Issue: Whether or not evidence obtained is admissible evidence
Ruling:
No. In the case at bar, the NARCOM agents searched the person of the appellant after
arresting him in his house but found nothing. They then searched the entire house and,
in the kitchen, found and seized a plastic bag hanging in a corner. The warrantless
search and seizure, as an incident to a suspect's lawful arrest, may extend beyond the
person of the one arrested to include the premises or surroundings under his immediate
control. Objects in the "plain view" of an officer who has the right to be in the position to
have that view are subject to seizure and may be presented as evidence. Therefore,
hold that under the circumstances of the case, the "plain view" doctrine does not apply
and the marijuana contained in the plastic bag was seized illegally and cannot be
presented in evidence pursuant to Article III, Section 3(2) of the Constitution.

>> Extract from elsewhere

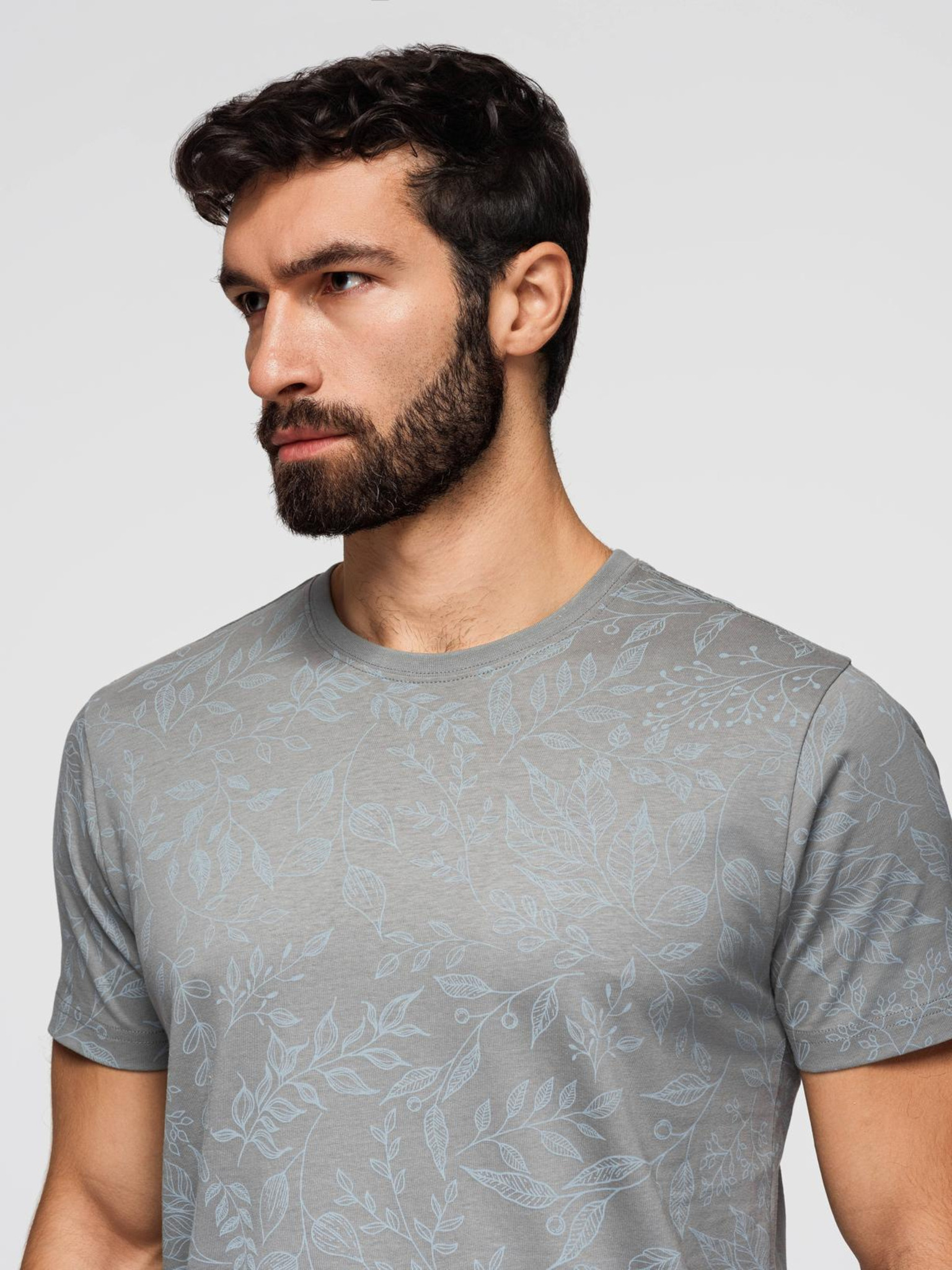Мъжка памучна тениска LOOSE FIT с кръгло деколте - сиво-зелена V3 OM-TSBC-0267 Ombre Clothing

People vs. Pablo Rodriguez / G.R. No. 79965 (Justice Quiason)
Facts:
On July 21, 1981, at about 3:00 o'clock (sic) in the afternoon, the Tabaco Police Station
received a report from an unidentified telephone caller that somebody was selling
marijuana inside the Wonder Dog Circus. In his brief, the Solicitor General agreed with
appellant's posture that the prosecution failed to establish the act of unlawfully selling,
distributing and delivering marijuana as alleged in the Information. But he claimed that
the prosecution's evidence indubitably established that appellant, having been caught in
flagrante delicto in possession of marijuana committed the crime of illegal possession of
marijuana under Section 8, Article II of R.A. No. 6425, as amended.

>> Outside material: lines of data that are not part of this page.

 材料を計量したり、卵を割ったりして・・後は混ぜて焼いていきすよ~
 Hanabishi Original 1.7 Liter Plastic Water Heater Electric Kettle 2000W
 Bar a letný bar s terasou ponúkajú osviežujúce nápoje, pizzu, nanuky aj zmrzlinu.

Issue: Whether or not appellant can be considered guilty of possession of marijuana
Ruling:
No. Admittedly, Pat. Gonzales searched appellant without a warrant. It is contended
however that the warrantless search was incidental to a lawful arrest. The arrest of
appellant itself was also made without a warrant of arrest. In such a case, the arrest can
be justified only if there was a crime committed in the presence of the arresting officers.
The marijuana supposedly confiscated from appellant is therefore inadmissible in
evidence for having been taken in violation of his constitutional right against
unreasonable searches and seizures.
People vs. Usana / G.R. No. 129756-58 (Justice Davide Jr.)
Facts:
On the 5th of April 1995 and during a COMELEC gun ban, some law enforcers of the
Makati Police, namely, PO3 Eduardo P. Suba, PO3 Bernabe Nonato, SPO4 Juan de los
Santos, and Inspector Ernesto Guico, were manning a checkpoint at the corner of
Senator Gil Puyat Ave. and the South Luzon Expressway (SLEX). They were checking
the cars going to Pasay City, stopping those they found suspicious, and imposing
merely a running stop on the others. At about past midnight, they stopped a Kia Pride
car with Plate No. TBH 493. PO3 Suba saw a long firearm on the lap of the person
seated at the passenger seat, who was later identified as Virgilio Usana. Upon reaching
the precinct, Nonato turned over the key to the desk officer. Since SPO4 de los Santos
was suspicious of the vehicle, he requested Escao to open the trunk. Escao readily
agreed and opened the trunk himself using his key. They noticed a blue bag inside it,
which they asked Escao to open. The bag contained a parcel wrapped in tape, which,
upon examination by National Bureau of Investigation Forensic Chemist Emilia A.
Rosaldos, was found positive for hashish weighing 3.3143 kilograms. A certification was
issued by the Firearms and Explosive Office of the National Police Commission
(NAPOLCOM) to the effect that Escao was not a licensed/registered firearms holder of
any kind and caliber.
Issue: Whether or not this was an illegal search or seizure
Ruling:
The facts adduced do not constitute a ground for a violation of the constitutional rights
of the accused against illegal search and seizure. Their having been with Escao in the
latters car before the "finding" of the hashish sometime after the lapse of an appreciable
time and without their presence left much to be desired to implicate them to the offense
of selling, distributing, or transporting the prohibited drug. In fact, there was no showing
that Usana and Lopez knew of the presence of hashish in the trunk of the car or that
they saw the same before it was seized.